First, we'll need to create a bipartite graph of customers and products. 

In [6]:
r = mg.resolver
nx_bipartite_graph = nx.from_pandas_edgelist(data_df, 'CustomerID', 'StockCode')
customer_ids = data_df['CustomerID']
stock_codes = data_df['StockCode']
bipartite_graph = r.wrappers.BipartiteGraph.NetworkXBipartiteGraph(nx_bipartite_graph, [customer_ids, stock_codes])

Next, we'll need to use a graph projection to create a graph of customers linked to other customers who've bought the same product.

In [7]:
customer_similarity_graph = r.algos.bipartite.graph_projection(bipartite_graph, 0)

We now have an unweighted bipartite graph. Louvain community detection requires weights. A more elegant approach might be taken in practice, but we'll simply assign every edge to have a weight of 1 for this tutorial.

In [8]:
customer_similarity_graph = r.algos.util.graph.assign_uniform_weight(customer_similarity_graph, 1.0)
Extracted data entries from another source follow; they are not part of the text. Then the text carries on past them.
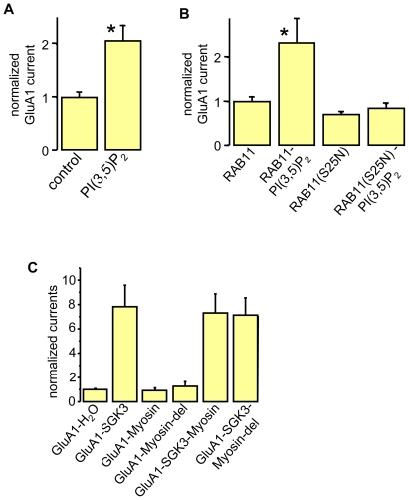 Figure 5. The SGK3-dependent trafficking of GluA1 proteins requires functional RAB11 and the generation of PI(3,5)P2, but is myosin-independent.(A) GluA1 current amplitudes in oocytes before and after acute injection of a water-soluble analog of PI(3,5)P2. Significant change (p<0.05) is indicated by * (p = 0.0015). (B) GluA1 current amplitudes in oocytes expressing GluA1 or combinations of GluA1 with Rab11 or the dominant negative form of Rab11 (Rab11DN), before and after acute injection of a water-soluble analog of PI (3,5)P2. Numbers of oocytes are n = 7–28. Significant change (p<0.05) is indicated by * (p = 0.025). (C) GluA1 current amplitudes in oocytes expressing GluA1 or combinations of GluA1 with SGK3, myosin Vb, or the mutated form of myosin Vb (myosin del). Number of oocytes are n = 14–28.
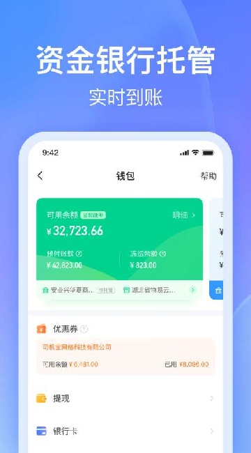 3、提供安全可靠的资金银行托管服务,让企业用户可放心地支付货物运输费用;
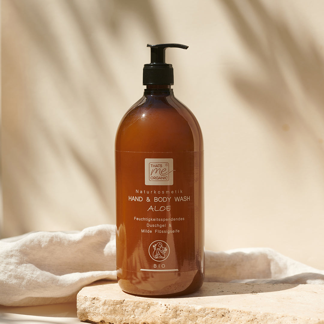 Our new ORGANIC Hand & Body Wash natural cosmetics can be used as a gentle hand wash, shower gel or as a mild liquid soap. It contains extremely mild sugar surfactants for gentle skin cleansing for the whole family.
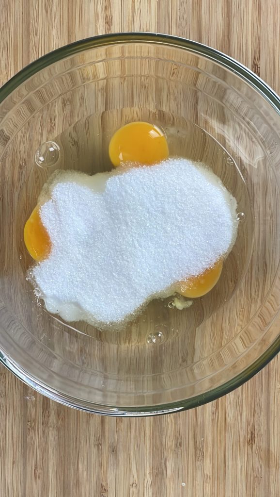 In einer anderen Schüssel die Eier aufschlagen und den Zucker wiegen: Mit dem Handmixer schlagen, bis sie das doppelte Volumen haben.
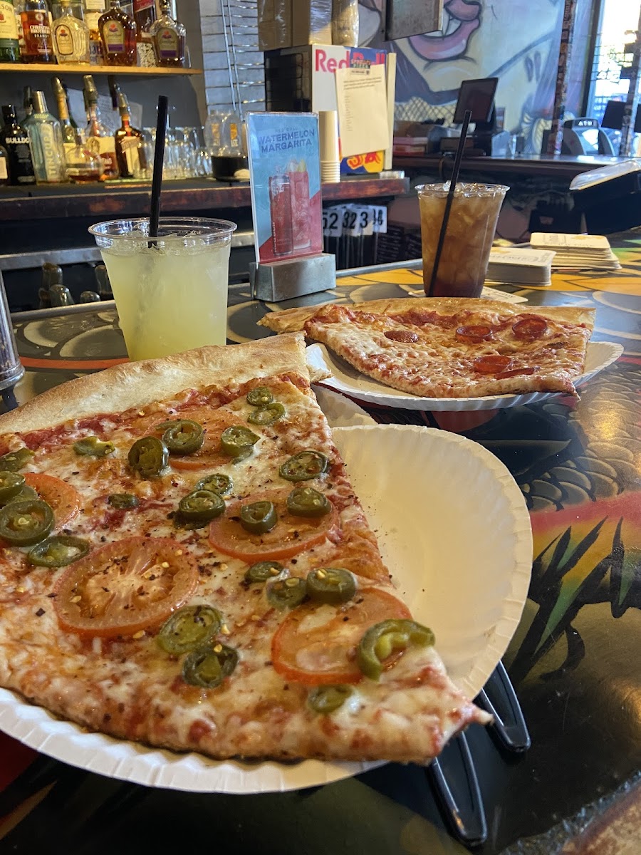 Such a cool pizza place! The slices are HUGE! Well worth the price. The art is fun to look at. Game on TV, jukebox, and the service person was very nice. Highly recommend!

Now, we'll need to use Louvain community detection to find similar communities based on purchased products.

In [9]:
labels, modularity_score = r.algos.clustering.louvain_community(customer_similarity_graph)

Let's see how many / what labels we have.

In [10]:
type(labels)

metagraph.plugins.python.types.PythonNodeMap

In [11]:
type(labels.value)

dict

In [12]:
set(labels.value.values())

{0, 1, 2, 3}

Let's now merge the labels into our dataframe.

In [13]:
data_df['CustomerCommunityLabel'] = data_df.CustomerID.map(lambda customer_id: labels.value[customer_id])
data_df.sample(10)

Unnamed: 0,InvoiceNo,StockCode,Description,Quantity,InvoiceDate,UnitPrice,CustomerID,Country,CustomerCommunityLabel
105952,545301,21251,DINOSAUR HEIGHT CHART STICKER SET,6,2011-03-01 12:26:00,2.95,12679,France,3
30090,538849,21484,CHICK GREY HOT WATER BOTTLE,2,2010-12-14 13:31:00,3.45,14415,United Kingdom,2
367490,568895,23321,SMALL WHITE HEART OF WICKER,3,2011-09-29 13:11:00,1.65,15356,United Kingdom,3
441827,574655,22605,WOODEN CROQUET GARDEN SET,1,2011-11-06 11:35:00,14.95,16466,United Kingdom,2
7153,536993,21936,RED RETROSPOT PICNIC BAG,1,2010-12-03 15:19:00,2.95,14396,United Kingdom,2
424295,573248,23318,BOX OF 6 MINI VINTAGE CRACKERS,10,2011-10-28 12:09:00,2.49,14498,United Kingdom,1
3137,536602,22411,JUMBO SHOPPER VINTAGE RED PAISLEY,6,2010-12-02 08:34:00,1.65,17850,United Kingdom,2
30247,538853,21677,HEARTS STICKERS,6,2010-12-14 13:35:00,0.85,16805,United Kingdom,1
354297,567873,23273,HEART T-LIGHT HOLDER WILLIE WINKIE,12,2011-09-22 14:25:00,1.65,13055,United Kingdom,0
352970,567709,21915,RED HARMONICA IN BOX,12,2011-09-22 09:53:00,1.25,15239,United Kingdom,1


We now have clusters of customers who've bought similar products and can market to these interests.